Study material
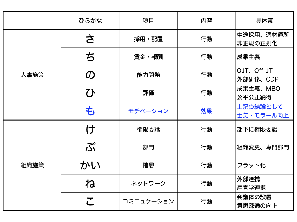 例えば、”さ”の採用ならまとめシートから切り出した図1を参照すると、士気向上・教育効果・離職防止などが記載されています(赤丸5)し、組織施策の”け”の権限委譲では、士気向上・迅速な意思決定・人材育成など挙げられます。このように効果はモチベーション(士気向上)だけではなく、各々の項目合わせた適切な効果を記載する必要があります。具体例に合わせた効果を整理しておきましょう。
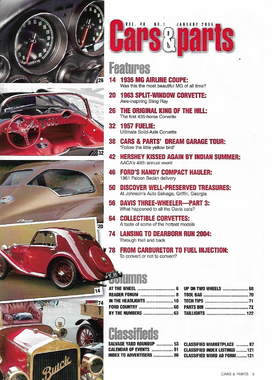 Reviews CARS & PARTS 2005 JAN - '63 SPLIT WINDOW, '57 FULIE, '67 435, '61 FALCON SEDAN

* * *

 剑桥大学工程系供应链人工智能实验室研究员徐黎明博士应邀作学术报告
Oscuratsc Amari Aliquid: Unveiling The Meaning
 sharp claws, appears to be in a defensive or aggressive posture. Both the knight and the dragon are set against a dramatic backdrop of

Your task
Using the data above, transcribe the lines that run from the line with "Oscuratsc Amari Aliquid: Unveiling" to the line with "sharp claws, appears", both ends kept, and output nothing else.

Task solution
Oscuratsc Amari Aliquid: Unveiling The Meaning
 sharp claws, appears to be in a defensive or aggressive posture. Both the knight and the dragon are set against a dramatic backdrop of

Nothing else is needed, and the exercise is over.